Typical cost for a half-day

  • Return bus: 14,000 VND (~$0.60)
  • Pottery workshop: 80,000 VND (~$3.50)
  • Museum entry: 50,000 VND (~$2)
  • Lunch in the village: 100,000–150,000 VND
  • Shopping budget: as much as your suitcase allows

Total realistic spend: $10–20, plus souvenirs.

Is Bat Trang worth it?

As a half-day add-on from Hanoi, yes — particularly if your trip is otherwise short on hands-on activities. It's cheap, quick, and you leave with something you made. As a standalone "day trip," no; you'll finish by 1pm and feel you've padded it out. Stack it with a morning in the Old Quarter, or pair it with an afternoon at the Duong Lam Ancient Village if you're really chasing old-village days out.

Skip Bat Trang if you're only in Hanoi for 48 hours. Use those hours on Ninh Binh or Ha Long Bay; ceramic villages are a second-visit pleasure.

Frequently asked questions

How do I get to Bat Trang from Hanoi?

Easiest is bus 47A or 47B from Long Bien bus station — 45 minutes, 7,000 VND (~$0.30). Grab by car costs around 150,000 VND one-way and takes 25 minutes. The cyclo tour option is a tourist trap at $25+.

Can I make my own pottery there?

Yes. Workshops in the market area charge 60,000–100,000 VND (~$3–4) for wheel time, clay, and glazing. Firing takes 2–3 days, so you'll need it shipped to your hotel or collect it later.

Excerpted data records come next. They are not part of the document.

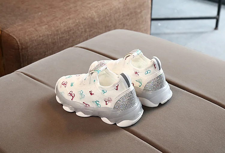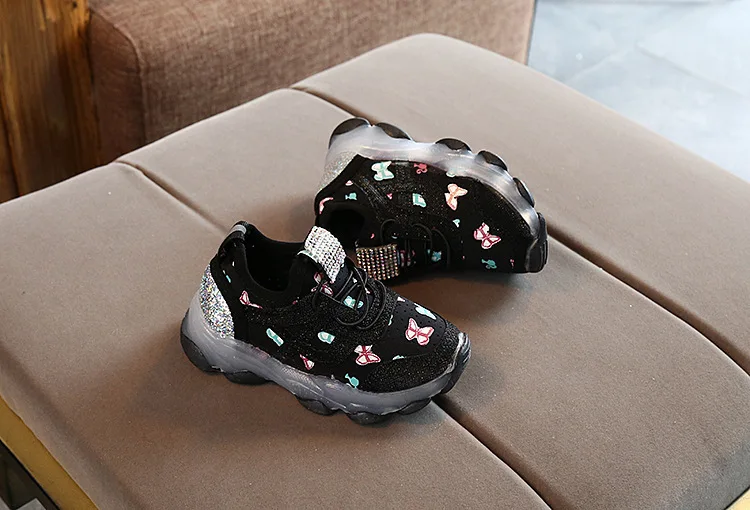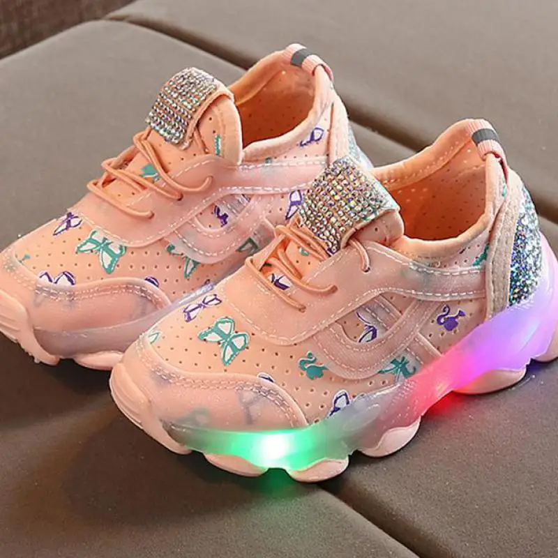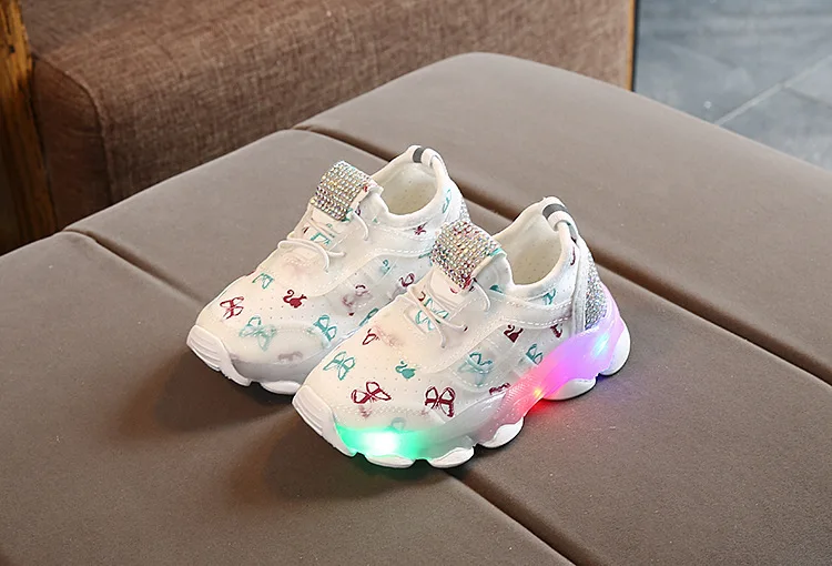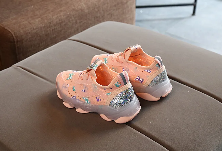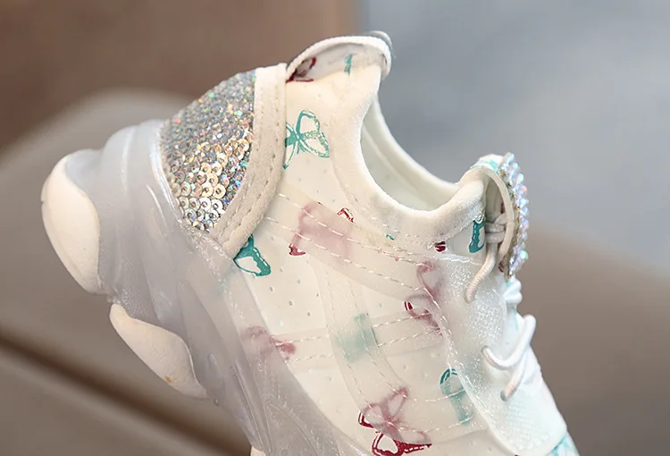 Детские светящиеся кроссовки, детская обувь принцессы с бабочкой дл...
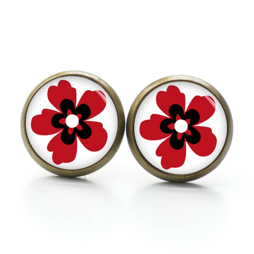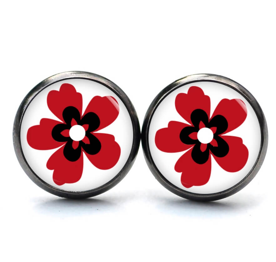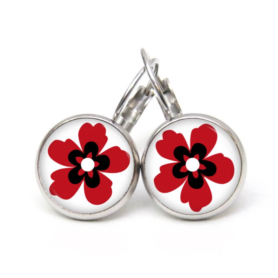 Ohrstecker, Ohrhänger, Clipse & Druckknopf – Motiv große rote Blume – Schmuck aus Edelstahl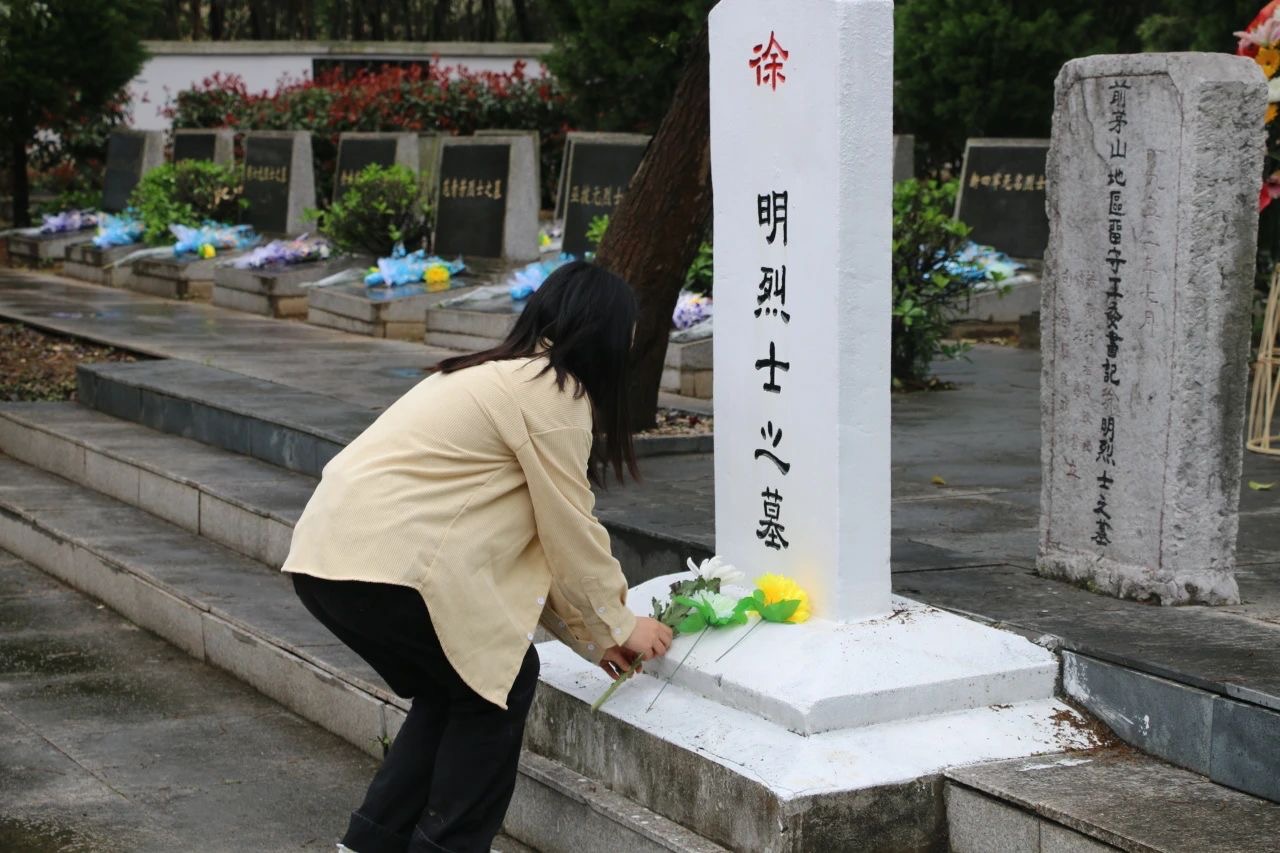 4月3日,茅山校区学生党支部组织党员和学生来到徐明烈士墓前聆听英雄事迹,敬献鲜花,缅怀先烈。

How much time do I need in Bat Trang?

3–4 hours covers the market, a workshop, and lunch. Half-day territory. Don't build a full day around it unless you're serious about shopping.

Is Bat Trang worth visiting?

If you like crafts, yes. If you just want a village day trip with scenery, skip it — Bat Trang is industrial and busy, not pastoral. The appeal is the pottery, not the setting.

What should I buy?

Small teacups (20,000–50,000 VND each), sauce dishes, and rice bowls pack well. Avoid giant vases unless you're shipping. Prices here are 30–50% below Hanoi retail.